LES DUCS DE GUISE ET LEUR ÉPOQUE

 

Étude historique sur le seizième siècle

TOME PREMIER

CHAPITRE VIII. — FIN DU RÈGNE DE HENRI II.

 

 

1559.

 

Pendant les conférences qui réglaient les conditions de la paix, les fêtes avaient recommencé comme aux premiers jours du règne. Il y avoit tant d'intérêts et tant de cabales différentes, et les dames y avoient tant de part, que l'amour étoit toujours mêlé aux affaires et les affaires à l'amour.

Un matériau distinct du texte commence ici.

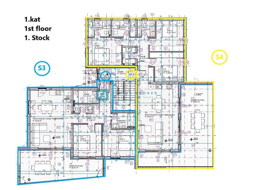 Wohnung S4 befindet sich im 1. Obergeschoss und bietet eine Nutzfläche von 133,03 m² (105,01 m² Wohnfläche + 46,05 m² Terrasse + 25 m² Stellplatz). Sie besteht aus einem Eingangsbereich, einem Flur, einem separaten Badezimmer, einem WC, drei geräumigen Schlafzimmern (eines davon mit eigenem Bad), einem Hauswirtschaftsraum, einer offenen Küche mit Essbereich und einem Wohnzimmer mit Zugang zu einer überdachten Terrasse von 46,05 m². Zur Wohnung gehören zwei Stellplätze mit je 25 m².

Personne n'étoit tranquille ni indifférent ; on songeoit à s'élever, à plaire, à servir ou à nuire ; on ne connaissoit ni l'ennui, ni l'oisiveté, et on étoit toujours occupé des plaisirs ou des intrigues[1]. Les seigneurs faits prisonniers à Saint-Quentin payaient peu à peu leur rançon, et revenaient au Louvre avides de plaisirs et impatients d'oublier dans les fêtes de la cour les ennuis de leur captivité aux Pays-Bas. L'un d'eux, M. de Vouillon, put, à la suite d'une aventure singulière, éviter de se soumettre à cette nécessité humiliante et ruineuse du rachat. Il avait été taxé à deux mille écus de rançon et autorisé a se rendre à Paris, sur parole, pour se procurer l'argent. Il n'avait pu emprunter les deux mille écus, et était retourné à Bruxelles près du duc de Savoie, dont il était le prisonnier. Quand il arriva, le duc était à table. Irrité de ne pas voir apporter l'argent sur lequel il comptait, le duc de Savoie lui dit de sortir et qu'après disner, il en ordonneroit ; le sieur de Vouillon se demesle de la presse[2], trouve devant la porte les chevaux de poste qui l'avaient amené, les reprend, part au galop et revient à Paris, prétendant qu'il s'était acquitté de sa parole puisqu'il était retourné se constituer prisonnier à Bruxelles. L'affaire fut mise en délibération devant les capitaines, tant françois qu'espagnols, à ce appelés, par lesquels cette subtilité fut approuvée, pource qu'il fut dit que le sieur de Vouillon s'estant acquitté de sa foy et représenté en estat de subir la prison ou garde, il n'avoit fait que ce que chacun peut faire de rechercher sa liberté.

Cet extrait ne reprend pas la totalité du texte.